## Task details
No pictures should appear in the copy; otherwise retype the entries exactly.

[Items from a dataset]
_ _ _ _ _ _ _
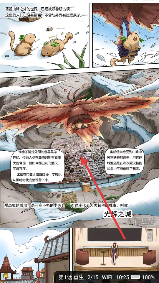 4、进入阅读页面后,即可开始阅读《妖神记》第1话【重生】的漫画内容。
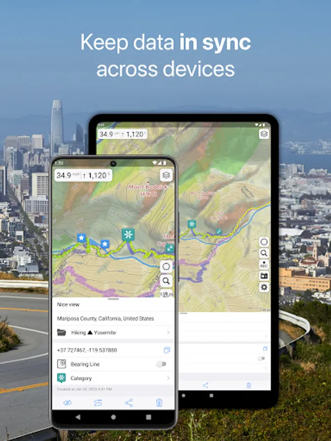 • All the data such as saved places, recorded GPS tracks and created routes will be synced on all your devices on both OS platforms.
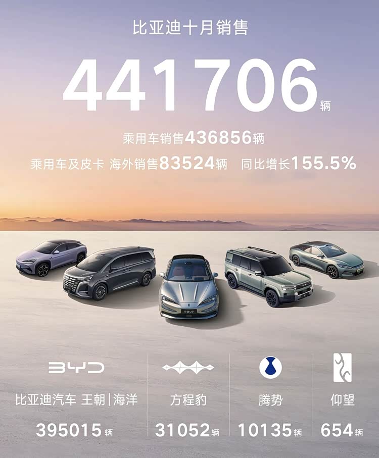 而定位于更高端的仰望品牌,10月售出654輛,1-10月累計銷量已達3159輛。其中,仰望U8售出455輛,仰望U7和U9則分別貢獻197輛和2輛。
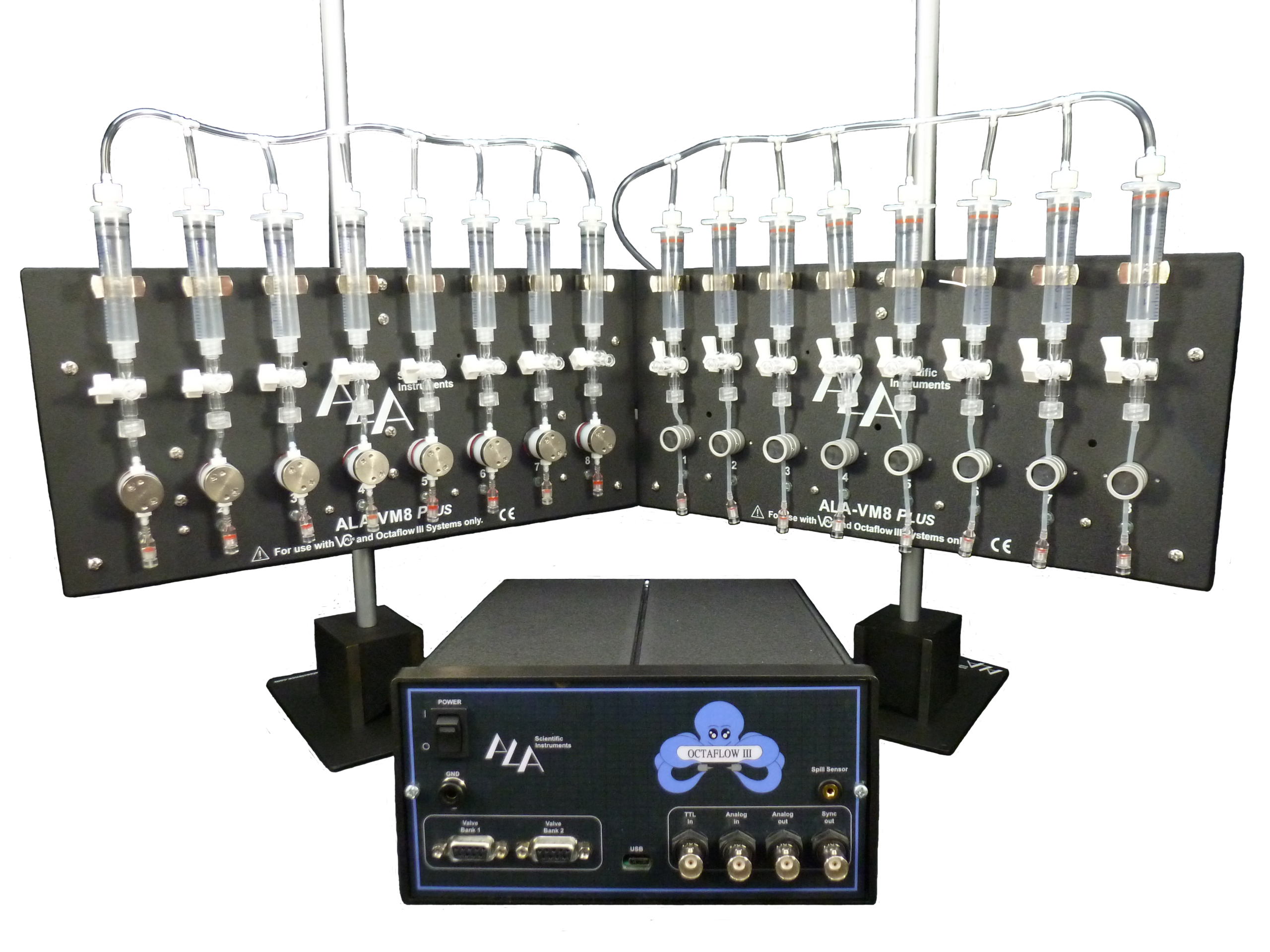 - Valve manifold(s) with islotation or pinch valves and 5ml pressurized syringe reservoirs
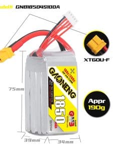 Especificaciones: – Capacidad Mínima: 1850mAh – Configuración: 4S1P/14.8V/4 celdas – Tasa de Descarga Continua: 100C – Tasa de Descarga de Ráfaga Máxima: 200C – Peso Neto: 190g (+/-6g) – Dimensiones: 75mm x 34mm x 39mm (L x A x Al) Aprox.
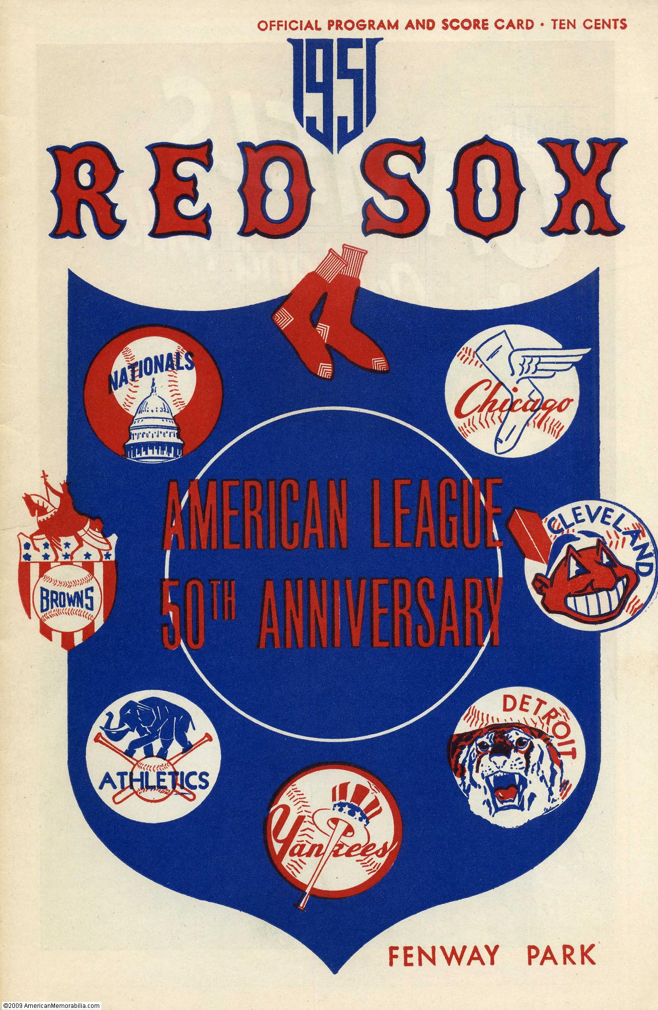 I love this Fenway Park program from 1951 because I love all those logos. The Athletics were still at their first stop and Philadelphia, the Browns were still two years removed from moving from St. Louis to Baltimore and the original Senators (Nationals) still had a decade left in the Nations Capital. These are the original eight teams which formed the American League in 1901.
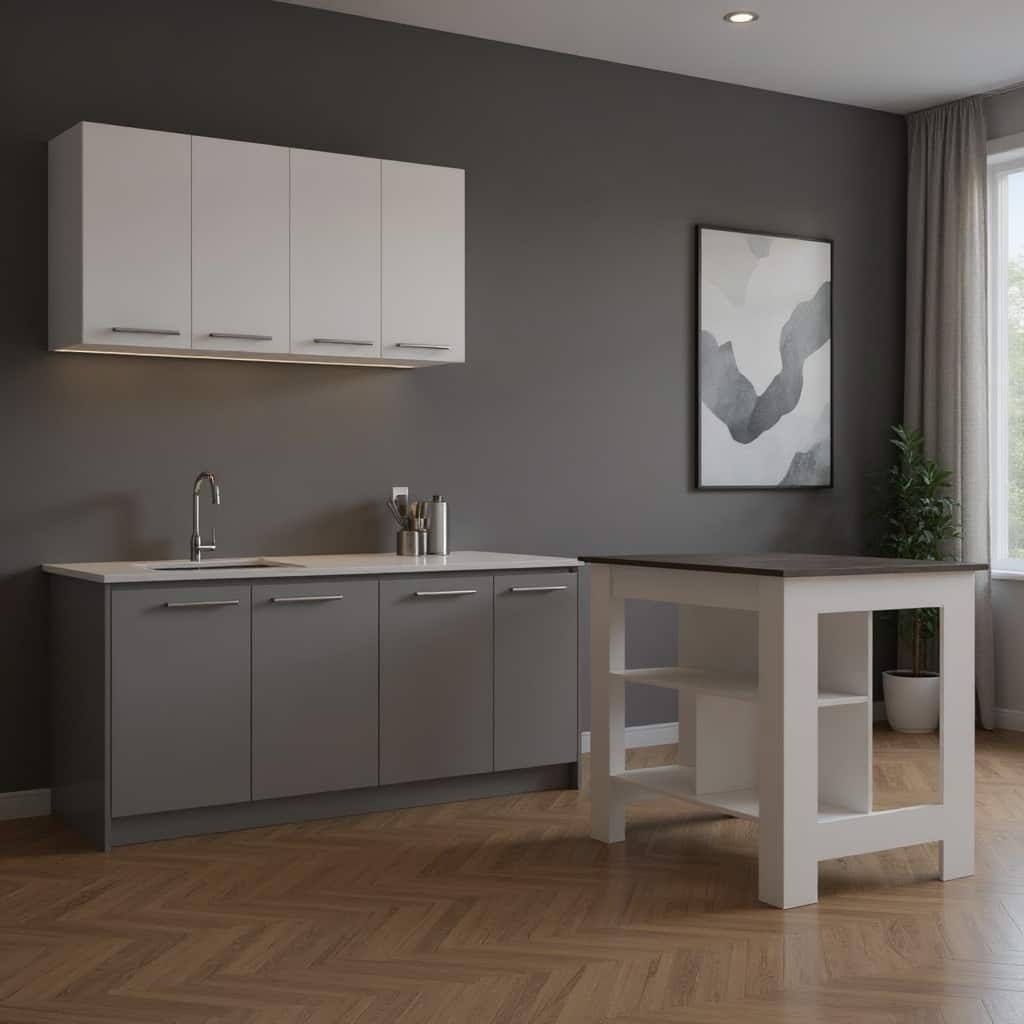 In a busy household, you need to be smart about how you organize your kitchen space. Fortunately, this 55-inch white and natural wood rolling kitchen island with storage will help you provide extra counter space for food preparation, cooking, and serving. This durable solid and manufactured wood rectangular island frees up a tremendous amount of space in your kitchen area, allowing you more flexibility as you prepare meals or serve guests. The beautiful grains and natural variations of the solid wood give this piece its own unique appearance. Utilize the convenient drawers to store your cooking utensils and accessories. Maximize your space with this multi- functional and good looking kitchen island. 36.20-inch h x 55.10-inch w x 27.60-inch d.Crafted from durable solid and manufactured wood for lasting use Designed in a rectangular shape, providing a spacious counter area for meal prep and entertaining Equipped with locking wheels for easy mobility and stability when in use Features a spacious rectangular counter for meal prep and entertaining, and an extendable table. Includes convenient pull out drawer, cabinets with storage on both sides, and counter top that extends to seat up to 4. This modern island features a neutral white and natural faux wood top, two outlets and a USB port.
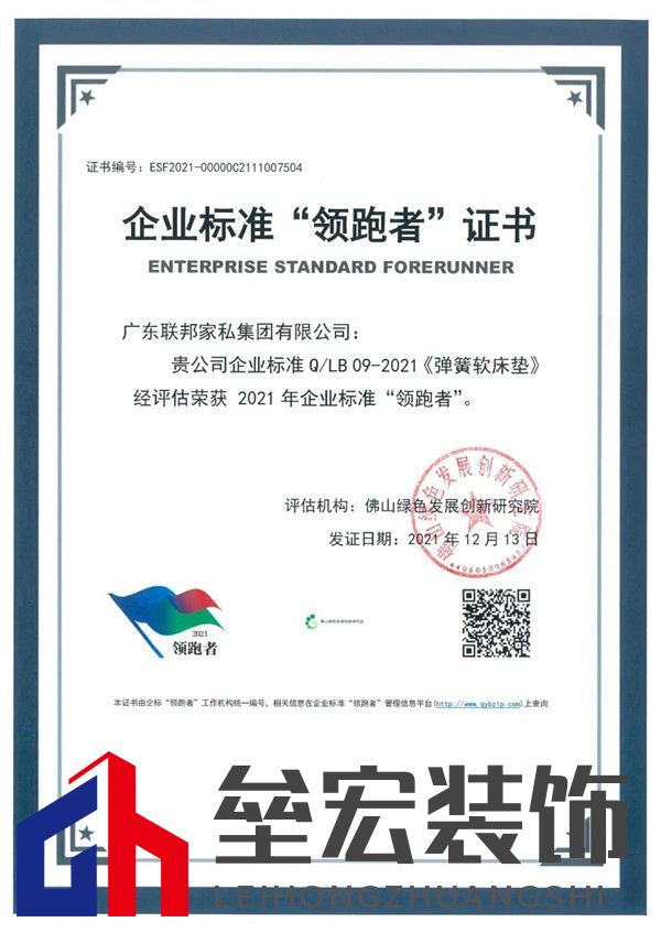 ??這是自2019年企業(yè)標(biāo)準(zhǔn)“領(lǐng)跑者”榜單首次發(fā)布以來,聯(lián)邦家私再次榮獲該項(xiàng)榮譽(yù)。入圍企業(yè)標(biāo)準(zhǔn)“領(lǐng)跑者”,彰顯聯(lián)邦家私彈簧軟床墊技術(shù)在行業(yè)內(nèi)的先進(jìn)性、創(chuàng)新性和引領(lǐng)性,有助于通過標(biāo)準(zhǔn)推進(jìn)企業(yè)和行業(yè)的技術(shù)革新和高質(zhì)量發(fā)展。
_ _ _ _ _ _ _
## Result
 4、进入阅读页面后,即可开始阅读《妖神记》第1话【重生】的漫画内容。
 • All the data such as saved places, recorded GPS tracks and created routes will be synced on all your devices on both OS platforms.
 而定位于更高端的仰望品牌,10月售出654輛,1-10月累計銷量已達3159輛。其中,仰望U8售出455輛,仰望U7和U9則分別貢獻197輛和2輛。
 - Valve manifold(s) with islotation or pinch valves and 5ml pressurized syringe reservoirs
 Especificaciones: – Capacidad Mínima: 1850mAh – Configuración: 4S1P/14.8V/4 celdas – Tasa de Descarga Continua: 100C – Tasa de Descarga de Ráfaga Máxima: 200C – Peso Neto: 190g (+/-6g) – Dimensiones: 75mm x 34mm x 39mm (L x A x Al) Aprox.
 I love this Fenway Park program from 1951 because I love all those logos. The Athletics were still at their first stop and Philadelphia, the Browns were still two years removed from moving from St. Louis to Baltimore and the original Senators (Nationals) still had a decade left in the Nations Capital. These are the original eight teams which formed the American League in 1901.
 In a busy household, you need to be smart about how you organize your kitchen space. Fortunately, this 55-inch white and natural wood rolling kitchen island with storage will help you provide extra counter space for food preparation, cooking, and serving. This durable solid and manufactured wood rectangular island frees up a tremendous amount of space in your kitchen area, allowing you more flexibility as you prepare meals or serve guests. The beautiful grains and natural variations of the solid wood give this piece its own unique appearance. Utilize the convenient drawers to store your cooking utensils and accessories. Maximize your space with this multi- functional and good looking kitchen island. 36.20-inch h x 55.10-inch w x 27.60-inch d.Crafted from durable solid and manufactured wood for lasting use Designed in a rectangular shape, providing a spacious counter area for meal prep and entertaining Equipped with locking wheels for easy mobility and stability when in use Features a spacious rectangular counter for meal prep and entertaining, and an extendable table. Includes convenient pull out drawer, cabinets with storage on both sides, and counter top that extends to seat up to 4. This modern island features a neutral white and natural faux wood top, two outlets and a USB port.
 ??這是自2019年企業(yè)標(biāo)準(zhǔn)“領(lǐng)跑者”榜單首次發(fā)布以來,聯(lián)邦家私再次榮獲該項(xiàng)榮譽(yù)。入圍企業(yè)標(biāo)準(zhǔn)“領(lǐng)跑者”,彰顯聯(lián)邦家私彈簧軟床墊技術(shù)在行業(yè)內(nèi)的先進(jìn)性、創(chuàng)新性和引領(lǐng)性,有助于通過標(biāo)準(zhǔn)推進(jìn)企業(yè)和行業(yè)的技術(shù)革新和高質(zhì)量發(fā)展。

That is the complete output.